Myslę, ze to nie jest kwestia wykształcenia...Ja związałam się z mężczyzna, który ledwo skończył zawodówkę, ja miałam wtedy wykształcenie średnie i rozpoczęte studia. On nie bardzo umiał złożyć zdanie do kupy, ja elokwentna, oczytana.... A dziś? W kwestii wykształcenia nic się nie zmieniło, ale w kwestii wiedzy mój facet przescignął mnie o całe lata świetlne... Ai Żyd z katolikiem jesli sie pokaochaja prawdziwa, pełna tolerancji, dojrzałą milością, to beda umieli ze soba żyć :)
napisał/a: sarna3 2007-11-12 21:09
Dla mnie zdrada bedzie zdrada.Nie wazne czy zdradzil ,bo chcial czy sie ''pogubil'',choc przyznam,ze to bardzo dziwne tlumaczenie''pogubil sie''.Szukal odskoczni poprostu.A dlaczego ,bo wiedzial ,że ma w domu zone ,ktora wybaczy wszystko.To nie jest zadne zagubienie ,kazda zdrada jest premedytacja.Przecież nie sa bezwolnymi facetami tylko maja rozum.Pogubil sie ? ..i w tym zagubieniu zapomnial,ze kocha tak?Dziwny poglad na zdrade.Oni zadradzaja ,bo chca i wiedza, ze wroca jak zonke przeprosza,a ona uwierzy,ze juz nigdy wiecej.A wracaja ,bo w domu maja wygode,wyrozumiala kobiete ,ktora w razie czego jak sie pogubie -wybaczy.

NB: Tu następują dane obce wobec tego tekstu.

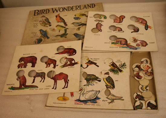 Box with game inside. Bird Wonderland. Box contains cardboard sheets of animals. Heads have blank circles over them. Box contains series of circles with images of animal heads printed on them. Child would have to match animal head to body of animal.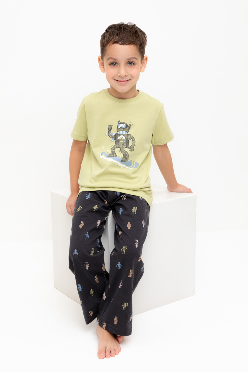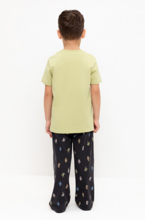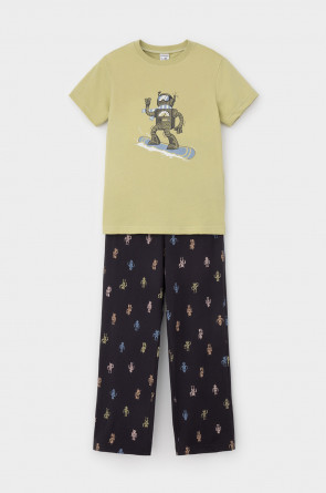 Трикотажная пижама из натурального хлопка. Футболка с короткими рукавами с принтом. У брюк эластичный пояс на резинке. Оригинальные принт и набивка выполнены из стойких, гипоаллергенных текстильных красителей. Пижама сохраняет цвет и форму после многократных стирок. Все трикотажные полотна производятся в соответсвии с нормами Швейцарского сертификата ЭкоТекс.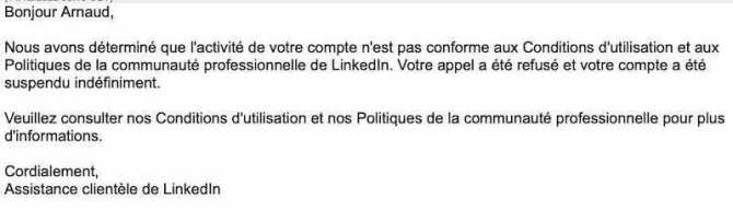 Nous avons en effet été avertis le 14 décembre, via un message probablement automatique, que le compte professionnel du Dr ZELER avait été suspendu de façon définitive, car le service clientèle (ou plutôt l’algorithme qui analyse le contenu des posts) aurait déterminé que « l’activité de [son] compte n’est pas conforme aux Conditions d’utilisation et aux Politiques de la communauté professionnelle de LinkedIn« .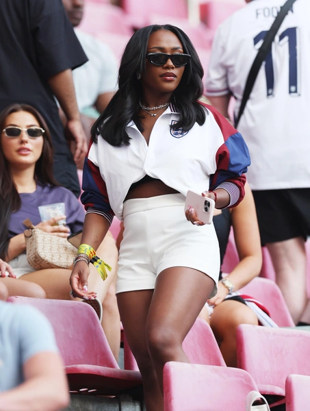 Новая девушка в рядах стильных жен спортсменов, о которой говорили все модные издания Великобритании во время прошедшего Евро-2024. Связано это не только с тем, что Толами встречается с нападающим сборной Англии Букайо Сака, но и с ее безупречными аутфитами. Особенно зрителям и подписчикам запомнился кастомный корсет, в котором девушка появилась в финале чемпионата: над его созданием работал дизайнер Хэтти Кроутер, превратив форму английской сборной в произведение искусства. Впрочем, это не первый случай, когда Толами виртуозно интегрирует предметы спортивного гардероба, такие как бейсболки, футболки джерси и мотокуртки в свои образы. Секрет ее стиля? Британскому Vogue девушка призналась, что у нее нет стилиста, «только очень честный чат с подружками».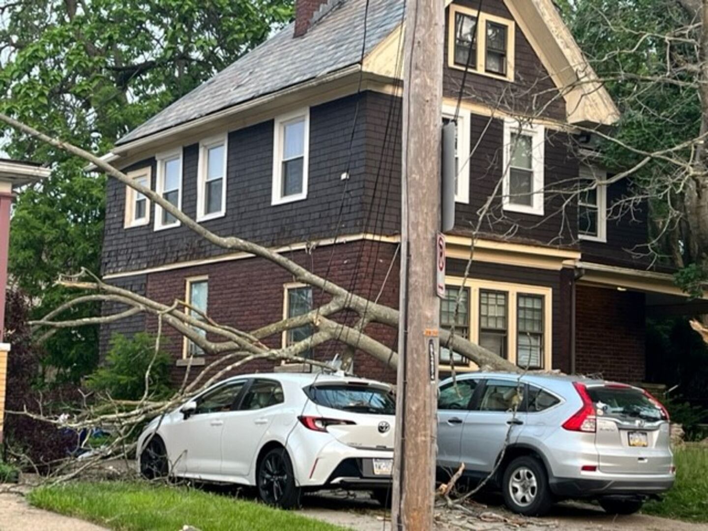 PHOTOS: Tree branch brings down utility wires, damages vehicles in Brookline

Mowie to i zawsze bede tak twierdzic, że jak sie kocha to sie nie zdradza!! ;)
napisał/a: Ankaaaa 2007-11-12 21:32
do Ciarki- mowisz kochana ze swojego doswiadczenia a ja ze swojego. wyksztalcenie rozumiane jako pewien swiatopoglad i zasob wiedzy drugiej soboy ma dla mnie znaczenie. dla kazdego chyba.jesli spotkalas kogos kto Cie ujal czyms to bardzo dobrze.
i zgadzam sie z Sarna:) zdrada to zdrada. pewnie, ze sa rozne rodzaje zdrady- wg klasyfikacji Sarny- eocjonalna, fizyczna itd. ale wszystko to laczy sie z klamstwem a jak wybaczysz klamstwo najblizszej osobie?nie chodzi o to, ze ktos z kims spal czy nie, czy pisal smsy do inej kobiety albo flirtowal na czacie. jak wybaczysz, ze jedna z niewielu osob na swiecie ktorej ufasz, zyje obok ciebie i prowadzi podwojne zycie??jak zaufasz na nowo? czyjas zdrada to czyjes zniszczone zycie, trzeba byc okrutnym zeby sie z tym nieliczyc, nawet, jesli clzowieka dotykaja straszne problemy. da sie je zalatwic inaczej.nie jestesmy śmieciem na wietrze ktory leci, gdzie go wiatr poniesie...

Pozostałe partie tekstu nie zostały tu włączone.